How else to spend a rainy day than study the source code of my FORTH interpreter and BASIC compiler for the AVR microcontroller?
Most of you will not know this since Allen is the only other person I am aware of who will admit to programming an AVR in assembly language.
The AVR has what is known as a Harvard architecture. That is, it has separate code and data memory address spaces. It is a natural since the code is stored in flash memory while the data is in conventional RAM.
The memory maps of an AVR look like this:
0 : data address space
*------------------------------*
| Registers and I/O | free RAM |
*------------------------------*
|<-- 2K -->|
0 : code address space
*-------------------------------------------*
| Interrupt vectors | program code | unused |
*-------------------------------------------*
|<------------------ 32K ------------------>|
The problem is that the AVR 328p as used in an Arduino has only 2 KBytes of RAM.
FORTH, BASIC and Python all have a large amount of data which is not changed as the program runs.
The obvious solution is to put it in among the 32 KBytes of flash memory. The problem is that there are two different flavors of pointers, data and code.
The GCC tool set used in the Arduino IDE addresses the problem with a somewhat hairy set of compiler directives. The gory details if you are bored and care to read about it:
http://www.nongnu.org/avr-libc/user-manual/pgmspace.html
FORTH, BASIC and Python have no provision for dealing with this problem.
Since I have complete control over memory layout, I have come up with a way to give the illusion of a common pointer. My modified memory map looks like this:
0 : data address space
*------------------------------*
| Registers and I/O | free RAM |
*------------------------------*
|<-- 2K -->|
0 : code address space
*----------------------------------------------------------------------------*
| Interrupt vectors | program code | optional padding | static data | unused |
*----------------------------------------------------------------------------*
|<----------------------------------- 32K ---------------------------------->|
As long as the static data is at a higher address than the end of the RAM, no additional padding is necessary; this is the case except for very simple programs.
Code to access data must distinguish between RAM and flash memory by comparing an address with the end of RAM, somewhat like this:
000090 2F6E [1] 00107 PStr: mov R22,R30
000091 2B6F [1] 00108 or R22,R31
000092 F099=0000A6 [1/2] 00109 breq PStr2
000093 E161 [1] 00110 ldi R22,high(SRAM_START+SRAM_SIZE)
000094 30E0 [1] 00111 cpi R30,low(SRAM_START+SRAM_SIZE)

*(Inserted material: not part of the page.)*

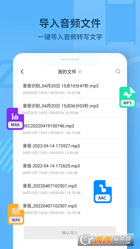 录音机功能不限时长高质量录音,会将您的录音文件保存在app内,用户可随时转换为文字

000095 07F6 [1] 00112 cpc R31,R22
000096 F480=0000A7 [1/2] 00113 brcc PStr3
000097 91C1 [2] 00114 ld R28,Z+
000098 91D1 [2] 00115 ld R29,Z+
000099 9181 [2] 00116 ld R24,Z+
00009A 8190 [1] 00117 ld R25,Z
00009B 2F68 [1] 00118 mov R22,R24
00009C 2B69 [1] 00119 or R22,R25
00009D F041=0000A6 [1/2] 00120 breq PStr2
00009E E161 [1] 00121 ldi R22,high(SRAM_START+SRAM_SIZE)
00009F 30C0 [1] 00122 cpi R28,low(SRAM_START+SRAM_SIZE)
0000A0 07D6 [1] 00123 cpc R29,R22
0000A1 F460=0000AE [1/2] 00124 brcc PStr4
0000A2 9169 [2] 00125 PStr1: ld R22,Y+
0000A3 DFE5=000089 [3] 00126 rcall Echo
0000A4 9701 [2] 00127 sbiw R24,1
0000A5 F7E1=0000A2 [1/2] 00128 brne PStr1
0000A6 9508 [2] 00129 PStr2: ret
0000A7 91C5 [3] 00130 PStr3: lpm R28,Z+
0000A8 91D5 [3] 00131 lpm R29,Z+
0000A9 9185 [3] 00132 lpm R24,Z+
0000AA 9194 [3] 00133 lpm R25,Z
0000AB 2F68 [1] 00134 mov R22,R24
0000AC 2B69 [1] 00135 or R22,R25
0000AD F3C1=0000A6 [1/2] 00136 breq PStr2
0000AE 01FE [1] 00137 PStr4: movw R30,R28
0000AF 9165 [3] 00138 PStr5: lpm R22,Z+
0000B0 DFD8=000089 [3] 00139 rcall Echo
0000B1 9701 [2] 00140 sbiw R24,1
0000B2 F7E1=0000AF [1/2] 00141 brne PStr5
0000B3 9508 [2] 00142 ret
ld loads from data space whereas lpm loads from program space.